“Well, perhaps the honest course is always the shrewdest in the long run,” he replied laughingly, and with a deep gladness in his tone, for her words gave a little encouragement. “But your charge that I am leaving you behind as I pursue my studies has a grain of truth in it as far as mere book learning goes. In your goodness, Millie, and all that is most admirable, I shall always follow afar off. Since I can’t wait for you, as you say, and you have so little time to read and study yourself, I am going to recite my lessons to you—that is, some of them, those that would interest you—and by telling you about what I have learned I shall fix it all in my mind more thoroughly.”
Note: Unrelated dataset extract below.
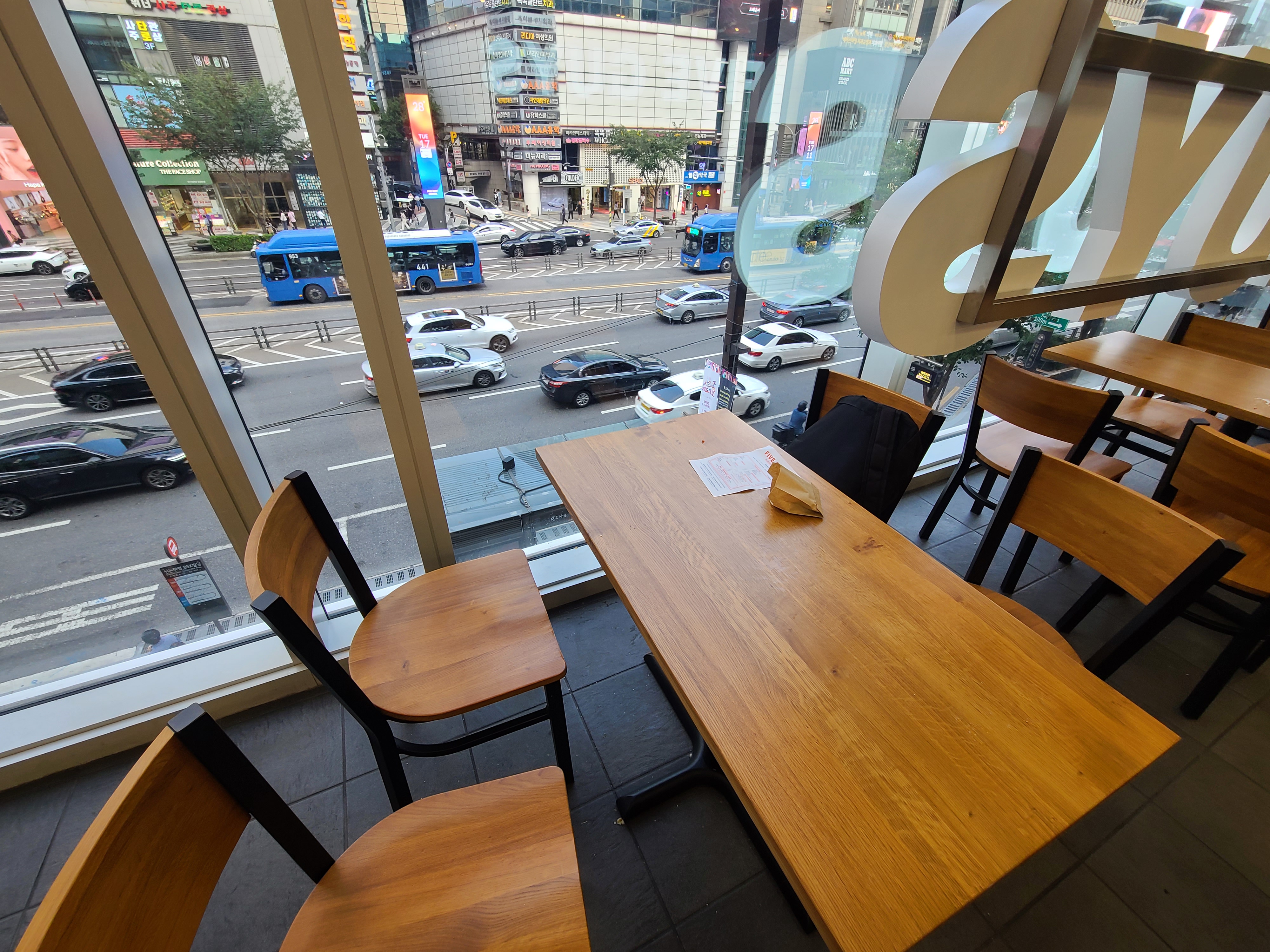 저는 이런식으로 일행과 역할을 분담하여 강남대로가 한 눈에 들어오는 창가자리에서 식사를 할 수 있었습니다.
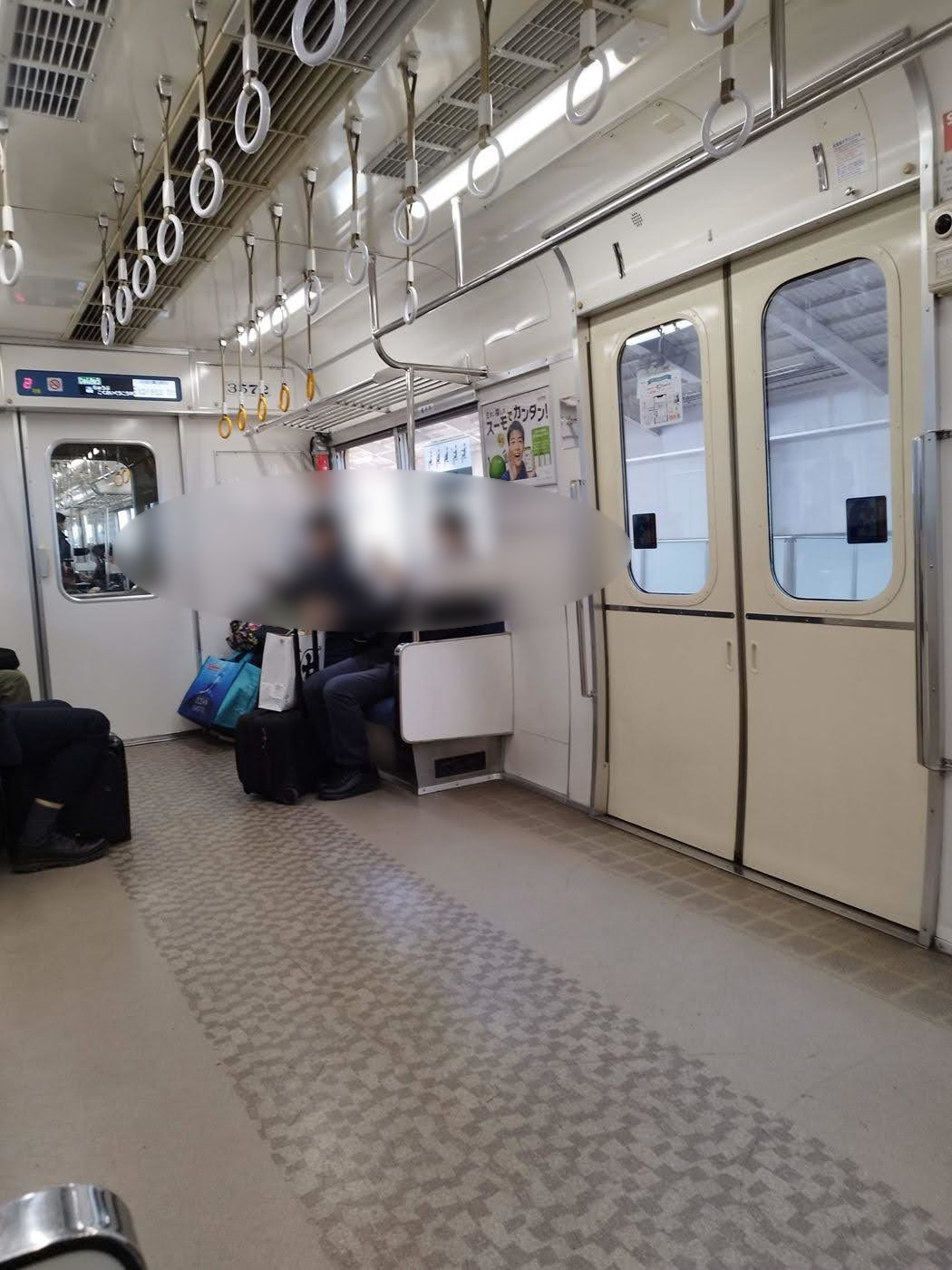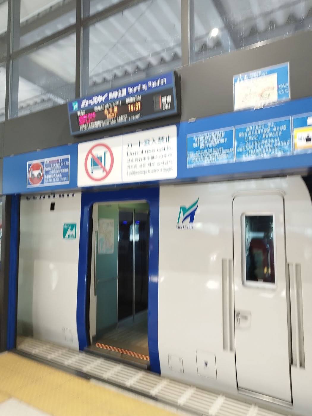 空港行きの電車ということもあり、大きな荷物、お土産などを持参しているお客さんが目立ちました。

Mildred was exceedingly pleased with the idea. “I don’t see why this isn’t possible to some extent,” she said gladly, “and I can’t tell you how much hope and comfort it gives me. That I’ve had so little time to read and cultivate my mind has been one of the great privations of our poverty, but if you will patiently try to make me understand a little of what you are studying, I won’t relapse into barbarism. Oh, Roger, how good you are to me!”
“That is like saying, How good I am to myself! Let me tell you, Millie, in all sincerity, that this plan promises as much for me as for you. Your mind is so quick, and you look at things so differently, that I often get new and better ideas of the subject after talking it over with you. The country boy that you woke up last summer was right in believing that you could be an invaluable friend, for I can’t tell you how much richer life has become to me.”
“Roger, how I misunderstood you! How blind and stupid I was! God was raising up for me the best friend a girl ever had, and I acted so shamefully that anybody but you would have been driven away.”
“You do yourself injustice, and I wouldn’t let any one else judge you so harshly.”
After reaching her room that night, Mildred thought, “I do believe mamma was right, and that an old-fashioned Southern girl, such as she says that I am, can learn to love a second time. Roger is so genuinely good and strong! It rests me to be with him, and he gives some of his own strength and courage. To-night, for the first time since he told me everything so gently and honestly, has anything been said of that which I can see is in his mind all the time, and I brought on all that was said myself. I can now read his thoughts better than he can read mine, and it would be mean not to give him a little of the hope and encouragement that he so richly deserves. It troubles me, however, that my mind and heart are so tranquil when I’m with him. That’s not the way I once felt,” she sighed. “He seems like the dearest brother a girl ever had—no, not that exactly; he is to me the friend he calls himself, and I’d be content to have things go on this way as long as we lived.”
“Millie,” cried Belle roguishly, “what did Roger say to you to call out such sweet smiles and tender sighs?”